A son retour en Suisse, il pense d’abord à une récolte d’argent et de matériel pour le docteur Mukwege. En revoyant ses photos, il abandonne cette idée «banale» et pense à un livre, dont le produit irait aux patientes de l’hôpital de Panzi, tout en leur rendant hommage.
«Un coup de cœur»
«Je n’avais rien prémédité mais cela a été un coup de cœur. J’ai été ému, les choses se sont faites l’une après l’autre et maintenant, avec le recul, en toute modestie, je me demande comment j’ai fait», confesse Michel Juvet en riant.
Il a commencé par choisir les photos, leur a ajouté des légendes reflétant ce qu’il avait ressenti face aux personnes photographiées. Ensuite, il a cherché des écrivains africains qui puissent parler du sujet et a fini par trouver deux poètes. Enfin, il a ajouté des témoignages de victimes.
De fil en aiguille, il a fallu «donner un caractère institutionnel», le livre étant co-financé par la DDC (qui l’a aussi fait traduire en allemand). D’où la préface de la présidente de la Confédération Micheline Calmy-Rey et la postface de Jean-Marc Clavel, directeur résident du Programme régional des Grands Lacs de la DDC.
Michel Juvet précise qu’il termine son deuxième mandat de quatre ans dans la commission consultative de la DDC et qu’il voulait «faire quelque chose de concret avant de la quitter». Concret est le mot-clé, puisque le banquier joue aussi l’éditeur et le diffuseur de ce livre produit «malgré lui».
Avant la sortie officielle en librairie, le 13 octobre, le livre a déjà éveillé l’intérêt et «des gens me demandent déjà comment m’aider à le diffuser», se réjouit-il.
Même le ciel ne pleure plus – Violences sexuelles dans la région des Grands Lacs de l’Afrique de l’Est- Portraits et regards, Michel Juvet, Editions Slatkine, Genève 2011. En allemand: Selbst der Himmel hat keine Traenen mehr.

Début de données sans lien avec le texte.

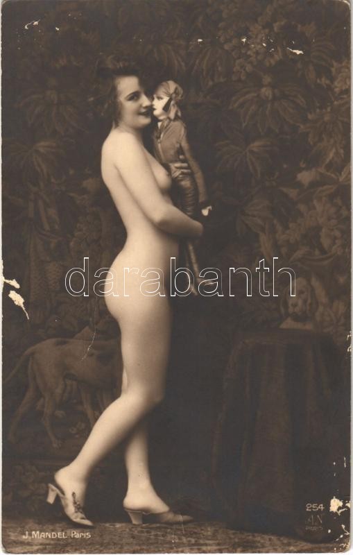 Erotic nude lady with doll. AN. Paris 254. J. Mandel (non PC) (gyűrődé...

Dès le 13 octobre en librairie.
Préfacé par Micheline Calmy-Rey, présidente de la Confédération et ministre des Affaires étrangères.
Tiré à 1000 exemplaires dans chaque langue et vendu 50 francs, le livre est produit à peu près moitié moitié par Bordier & Cie et la DDC et l’intégralité de la vente directe ira aux associations visitées par l’auteur. La DDC supervisera la façon dont l’argent sera dépensé.
Les viols collectifs ou individuels commis par des miliciens ou soldats, parfois porteurs du VIH, font partie des violences répétées que subissent les populations civiles dans l’est de la République démocratique du Congo (RDC), ainsi qu’au Burundi et au Rwanda.
Depuis 2002, la Direction du développement et de la coopération (DDC) soutient un programme «Femmes et enfants victimes de violence» mis en œuvre par Médecins sans Frontières – Suisse (MSF).
Ce programme offre des soins médicaux et une prise en charge d’ordre psychosocial, économique et juridique.
L’Hôpital de Panzi a été fondé dans les années 1990 à Bukavu (RDC) par le docteur Denis Mukwege, gynécologue-obstétricien, récompensé par de nombreux prix (Olof Palme et droits de l’homme de l’ONU en 2008, chevalier de la Légion d’honneur française en 2009, Jean-Rey et Roi-Baudoin en 2011, etc.)